# Task goal
From top to bottom, print the listing word for word and skip any pictures it contains.

# Exercise data
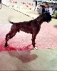 Bringé sur fond cuivre marqué de blanc 63cmde const parfaitement carrée et élégante bon typ de tête avec tb rapport crâne museau stop et menton bien marqués joli dessin de babines museau cubique et plein mais chanfrein un peu court oeil bien sombre un peu ouvert crâne fort mais sec encolure puissante et éléganteexc ligne dos avec garrot marqué tb dessous avec poitrine presque aux coudes ang av/ar en ordre
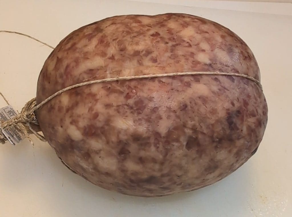 Este embutido, semelhante ao cotechino mas maior e curado, deve seu nome ao invólucro em que é tradicionalmente embalado: a bexiga do porco, a “boccia”.
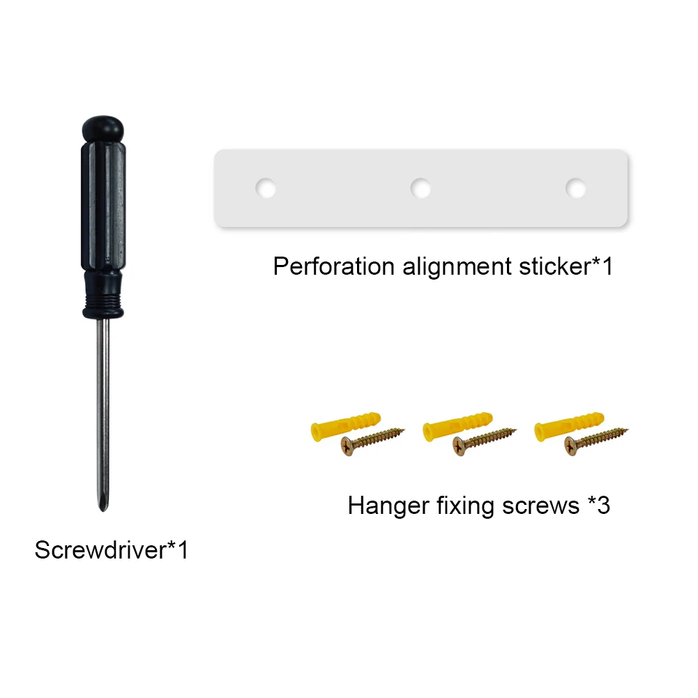 3.Herramientas de instalación convenientes:El gancho de almacenamiento del soporte VR viene con pegatinas de alineación, un destornillador y tornillos de montaje, lo que proporciona todo lo que necesita para una instalación fácil y precisa.

# Finished task
 Bringé sur fond cuivre marqué de blanc 63cmde const parfaitement carrée et élégante bon typ de tête avec tb rapport crâne museau stop et menton bien marqués joli dessin de babines museau cubique et plein mais chanfrein un peu court oeil bien sombre un peu ouvert crâne fort mais sec encolure puissante et éléganteexc ligne dos avec garrot marqué tb dessous avec poitrine presque aux coudes ang av/ar en ordre
 Este embutido, semelhante ao cotechino mas maior e curado, deve seu nome ao invólucro em que é tradicionalmente embalado: a bexiga do porco, a “boccia”.
 3.Herramientas de instalación convenientes:El gancho de almacenamiento del soporte VR viene con pegatinas de alineación, un destornillador y tornillos de montaje, lo que proporciona todo lo que necesita para una instalación fácil y precisa.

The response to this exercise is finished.